王安石正要答话,忽然背后一个声音笑道:“大师说的,只怕却是错了。”

二人齐齐吃了一惊,转过身来望去,却见一个二三十岁的男子,站在身后七八步远的地方,笑吟吟的望着二人。王安石倒也罢了,智缘却是文武兼修的和尚,听觉一向敏锐,有人站在自己身后如此之近,他居然不知,这一惊却是非同小可。

那人见到王安石,立时拜倒,爽声道:“晚辈程栩,拜见王相公。”

王安石诧怪道:“你是何人?怎么认得我?”

程栩笑道:“晚辈是孙少述先生的弟子,西湖学院延请孙先生往学院讲学,故一向在杭州读书,是以相公不识。”他口中的孙少述,名叫孙侔,当年与王安石、曾巩交好,名倾一时。年轻时也求过功名,不料累举不第,后来母亲死后,自誓终身不仕,隐居在江、淮间,名声极大。王安石却没有想到他被请进了西湖学院,听说程栩是孙侔的学生,不免笑道:“令师一向可好?”

“家师身体甚好。因晚辈家在金陵,此次回乡探亲,家师记念相公,特托晚辈带书信问候相公万福。本欲亲自送往尊府,却不料在此处邂逅。”程栩一面说一面递过一封信来。王安石接过来草草看了,却无非是问候平安之意。

智缘打量程栩一眼,道:“施主如何认得这便是王相公?”

程栩笑道:“晚辈岂止知道王相公,还知道大士是大相国寺方丈智缘大师。”他生性敏悟,自幼兼习文武,机缘凑巧听到王安石与智缘的对话,兼之平素也听说过二人的事迹,又岂能猜不出来?这时候却不过是故弄玄虚而已。

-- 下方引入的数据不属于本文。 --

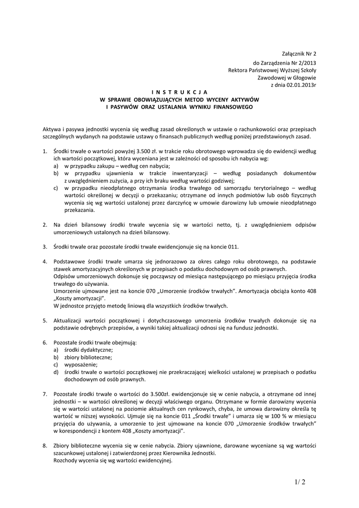 Załącznik Nr 2 do Zarządzenia Nr 2/2013 Rektora Państwowej Wyższej Szkoły Zawodowej w Głogowie z dnia 02.01.2013r I N S T R U K C J A W SPRAWIE OBOWIĄZUJĄCYCH METOD WYCENY AKTYWÓW I PASYWÓW ORAZ USTALANIA WYNIKU FINANSOWEGO Aktywa i pasywa jednostki wycenia się według zasad określonych w ustawie o rachunkowości oraz przepisach szczególnych wydanych na podstawie ustawy o finansach publicznych według poniżej przedstawionych zasad. 1. Środki trwałe o wartości powyżej 3.500 zł. w trakcie roku obrotowego wprowadza się do ewidencji według ich wartości początkowej, która wyceniana jest w zależności od sposobu ich nabycia wg: a) w przypadku zakupu – według cen nabycia; b) w przypadku ujawnienia w trakcie inwentaryzacji – według posiadanych dokumentów z uwzględnieniem zużycia, a przy ich braku według wartości godziwej; c) w przypadku nieodpłatnego otrzymania środka trwałego od samorządu terytorialnego – według wartości określonej w decyzji o przekazaniu; otrzymane od innych podmiotów lub osób fizycznych wycenia się wg wartości ustalonej przez darczyńcę w umowie darowizny lub umowie nieodpłatnego przekazania. 2. Na dzień bilansowy środki trwałe wycenia się w wartości netto, tj. z uwzględnieniem odpisów umorzeniowych ustalonych na dzień bilansowy. 3. Środki trwałe oraz pozostałe środki trwałe ewidencjonuje się na koncie 011. 4. Podstawowe środki trwałe umarza się jednorazowo za okres całego roku obrotowego, na podstawie stawek amortyzacyjnych określonych w przepisach o podatku dochodowym od osób prawnych. Odpisów umorzeniowych dokonuje się począwszy od miesiąca następującego po miesiącu przyjęcia środka trwałego do używania. Umorzenie ujmowane jest na koncie 070 „Umorzenie środków trwałych”. Amortyzacja obciąża konto 408 „Koszty amortyzacji”. W jednostce przyjęto metodę liniową dla wszystkich środków trwałych. 5. Aktualizacji wartości początkowej i dotychczasowego umorzenia środków trwałych dokonuje się na podstawie odrębnych przepisów, a wyniki takiej aktualizacji odnosi się na fundusz jednostki. 6. Pozostałe środki trwałe obejmują: a) środki dydaktyczne; b) zbiory biblioteczne; c) wyposażenie; d) środki trwałe o wartości początkowej nie przekraczającej wielkości ustalonej w przepisach o podatku dochodowym od osób prawnych. 7. Pozostałe środki trwałe o wartości do 3.500zł. ewidencjonuje się w cenie nabycia, a otrzymane od innej jednostki – w wartości określonej w decyzji właściwego organu. Otrzymane w formie darowizny wycenia się w wartości ustalonej na poziomie aktualnych cen rynkowych, chyba, że umowa darowizny określa tę wartość w niższej wysokości. Ujmuje się na koncie 011 „Środki trwałe” i umarza się w 100 % w miesiącu przyjęcia do używania, a umorzenie to jest ujmowane na koncie 070 „Umorzenie środków trwałych” w korespondencji z kontem 408 „Koszty amortyzacji”. 8. Zbiory biblioteczne wycenia się w cenie nabycia. Zbiory ujawnione, darowane wyceniane są wg wartości szacunkowej ustalonej i zatwierdzonej przez Kierownika Jednostki. Rozchody wycenia się wg wartości ewidencyjnej. 1/ 2 Zbiory biblioteczne ujmuje się na koncie 011 „Zbiory biblioteczne” i umarza się bez względu na wartość w 100% w miesiącu przyjęcia do używania. Umorzenie ujmowane jest na koncie 070 „Umorzenie środków trwałych” w korespondencji z kontem 408 „Koszty amortyzacji” 9. Wartości niematerialne i prawne zakupione ze środków na wydatki bieżące oraz stanowiące pierwsze wyposażenie nowych obiektów o wartości początkowej niższej od wymienionej w ustawie o podatku dochodowym dla osób prawnych traktuje się jako pozostałe wartości niematerialne i prawne, które umarzane są w 100 % w miesiącu przyjęcia do używania, ewidencjonuje się na koncie 020 „Wartości niematerialne i prawne”, a umorzenie ujmowane jest na koncie 075 „Umorzenie wartości niematerialnych i prawnych”. 10. Wartości niematerialne i prawne o wartości początkowej wyższej od wartości ustalonej w przepisach o podatku dochodowym dla osób prawnych podlegają umarzaniu na podstawie aktualnego planu amortyzacji. Umorzenie jest ujmowane na koncie 075 „Umorzenie wartości niematerialnych i prawnych”. Amortyzacja obciąża konto 408 „Koszty amortyzacji”. 11. Należności długoterminowe to należności, których termin spłaty przypada w okresie dłuższym niż rok od dnia bilansowego. Wyceniane są w kwocie wymagającej zapłaty, a więc łącznie z należnymi odsetkami, pomniejszone o ewentualnie odpisy aktualizujące ich wartość. 12. Należności krótkoterminowe to należności o terminie spłaty krótszym od jednego roku od dnia bilansowego. Wyceniane są w wysokości wymaganej zapłaty łącznie z wymagalnymi odsetkami z zachowaniem zasady ostrożnej wyceny. 13. Odsetki od należności ujmuje się w wysokości odsetek należnych na koniec kwartału. 14. Środki pieniężne w kasie i na rachunkach bankowych wycenia się wg wartości nominalnej. 15. Zobowiązania z tyt. dostaw wycenia się w kwocie wymagającej zapłaty, z odsetkami naliczonymi na podstawie not odsetkowych otrzymanych od kontrahentów. czyli łącznie 16. Fundusze własne oraz pozostałe aktywa i pasywa wycenia się wg wartości nominalnej. 17. W jednostce występują rozliczenia międzyokresowe kosztów czynne i bierne oraz rozliczenia międzyokresowe przychodów natomiast nie występują tytuły do tworzenia rezerw na przyszłe zobowiązania. Ustalenie wyniku finansowego jednostki. Wynik finansowy ustala się w sposób porównawczy. 1. Na wynik finansowy netto składa się wynik na działalności operacyjnej, operacjach finansowych i operacjach nadzwyczajnych: a) wynik na działalności operacyjnej jest to różnica między sumą należnych przychodów i dochodów operacyjnych, a wartością poniesionych od początku roku kosztów operacyjnych; b) wynik na operacj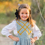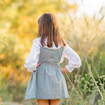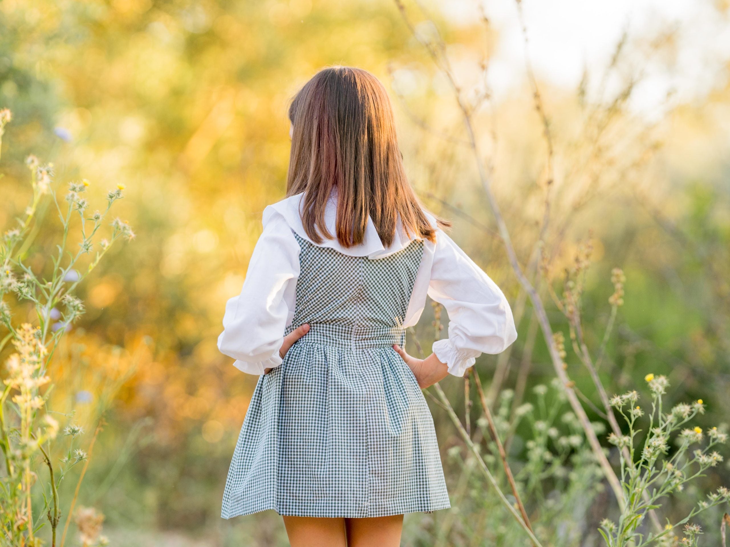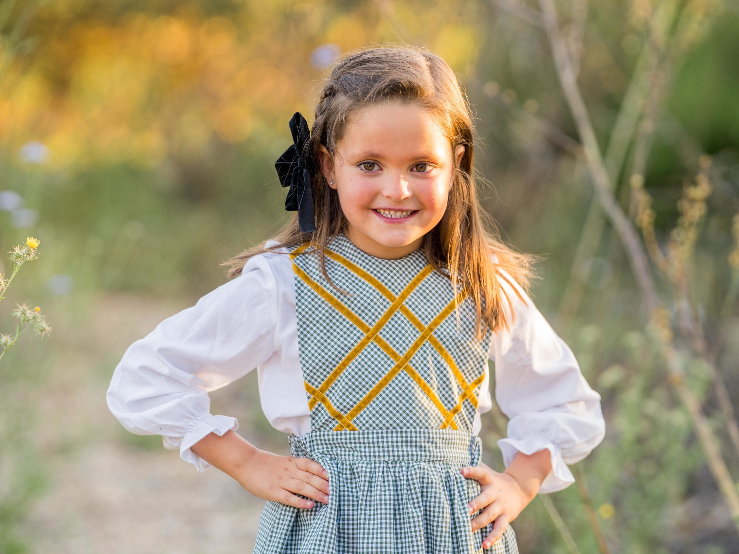 Espectacular pichi de cuadros verdes con pecherín de rombos de terciopelo mostaza.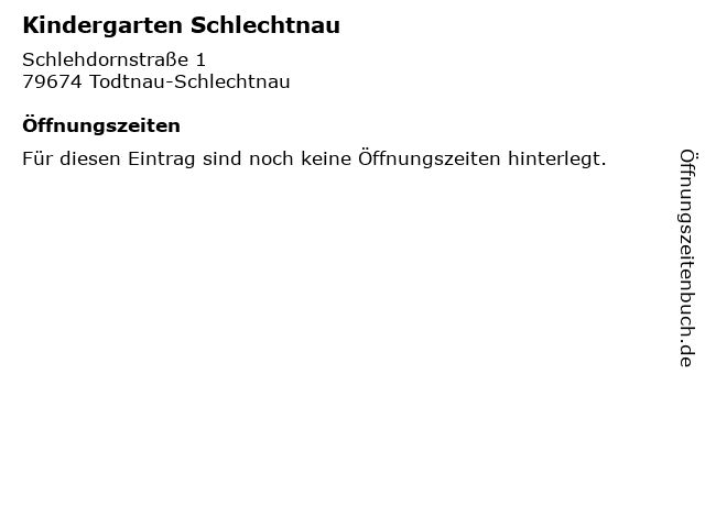 | Öffnungszeiten Kindergarten Schlechtnau in Todtnau-Schlechtnau anzeigen | |
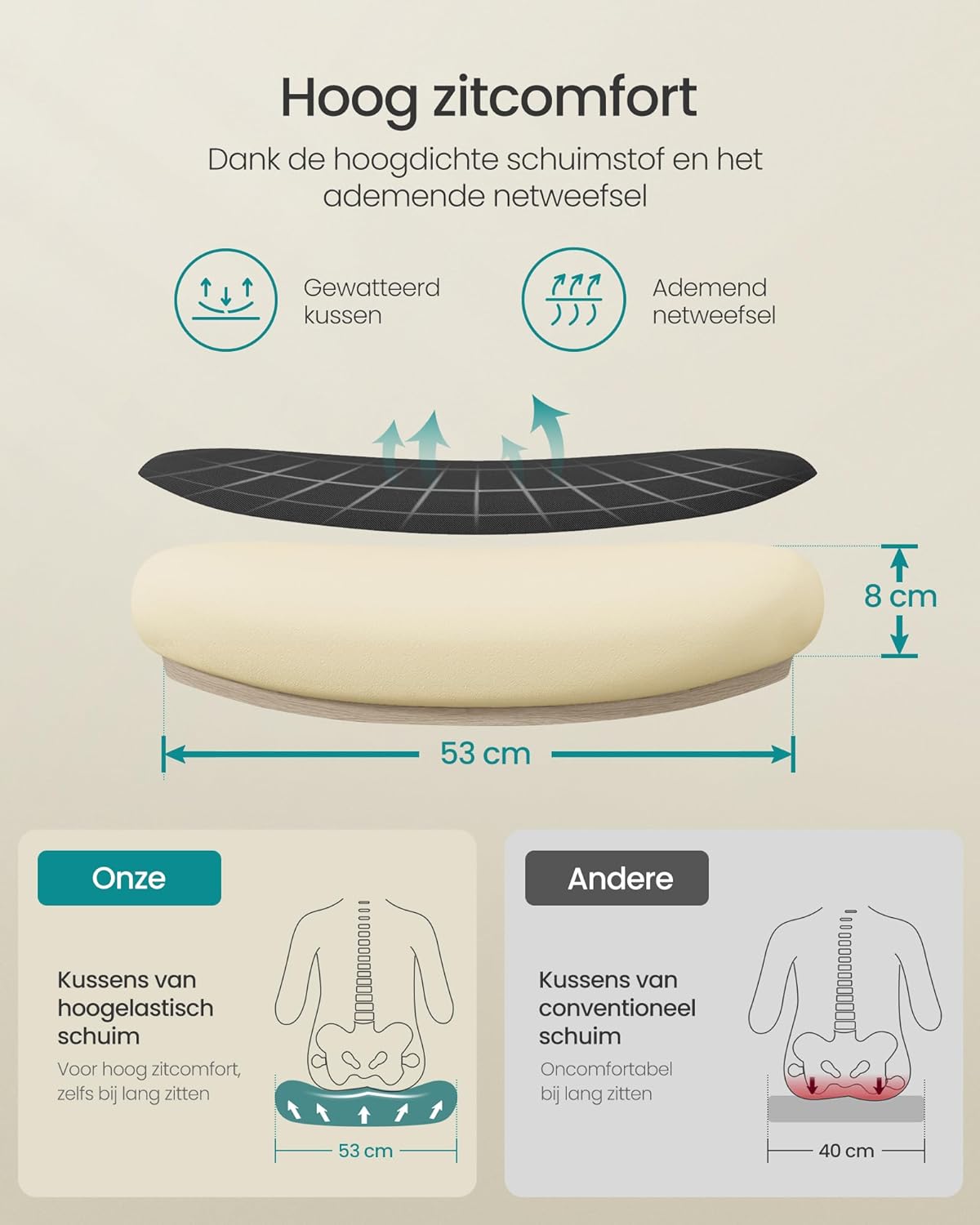 - [Comfortable sitting] The 8 cm thick high-quality foam and the 53 cm soft seat cushion relieve pressure on the hips when working all day; The mesh fabric is breathable, so you will not sweat even after prolonged sitting

王安石于小节处却不甚注意,伸手扶起程栩,笑道:“想是尊师和你说过我的相貌,也不足为奇。贤侄说家在金陵,敢问令尊是?”

程栩忙欠身答道:“晚辈草字近谦,排列第三,相公唤晚辈三郎便是。家父名讳程望,本是庆历间进士,现已致仕,便住在城东。”

王安石也是庆历间的进士,却不认得程望此人,想来不过汲汲无闻之辈,当下也不再多问,笑道:“贤侄方才说大师猜错了,却是为何?”

程栩笑道:“晚辈放肆了,不过据晚辈所知,这《海事商报》其实与石学士无干,乃是提举市舶务蔡京蔡元长大人,与敝院山长李先生,召集了十八家大商号,一同商议决策的。”王安石与智缘对望一眼,心中不约而同的想道:“蔡京不就是石越的爱将么?”他们哪里便肯相信,这件事情石越的确没有参预。

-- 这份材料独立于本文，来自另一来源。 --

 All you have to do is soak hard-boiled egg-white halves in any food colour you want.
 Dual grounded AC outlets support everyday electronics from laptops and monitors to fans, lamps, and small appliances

程栩显得甚是豪爽健谈,又笑道:“自兴学校诏颁布以来,仅以两浙路而言,学校如雨后春笋般冒出,富民以为建学校既可博名又可抵税,无不乐从。此官民两便之事,石学士此举,颇得民心。又何必画蛇添足?不过蔡大人之所以要创办《海事商报》,传说中倒是另有隐情。”王安石与智缘见他如此交浅言深,不免心中好笑,一面却又忍不住好奇之心,不由问道:“又有何隐情?”

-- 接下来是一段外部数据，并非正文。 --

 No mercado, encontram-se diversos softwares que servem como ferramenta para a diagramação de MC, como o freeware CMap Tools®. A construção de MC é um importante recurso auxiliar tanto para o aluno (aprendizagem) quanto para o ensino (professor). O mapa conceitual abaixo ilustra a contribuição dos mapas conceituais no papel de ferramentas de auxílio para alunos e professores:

程栩却不过是说些市井传闻之意,更不以为意,他生性洒脱,也不在乎王安石对自己的观感,因此肆无忌惮的笑道:“相公自是知道朝廷明颁诏令要改革官制。杭州便有传言,说新官制其实已定,而六部九寺中,太府寺将负责商税与市舶等事务,蔡大人猜到朝廷以后必定会重视吏才,他这时干出治绩来,无非是想入太府寺,以为升迁之道而已。两浙路上则呼应朝廷新政,下则吸引商贾拓展税收,一时之间朝野称誉,号称大治,这中间又岂能少得了蔡大人的功劳?”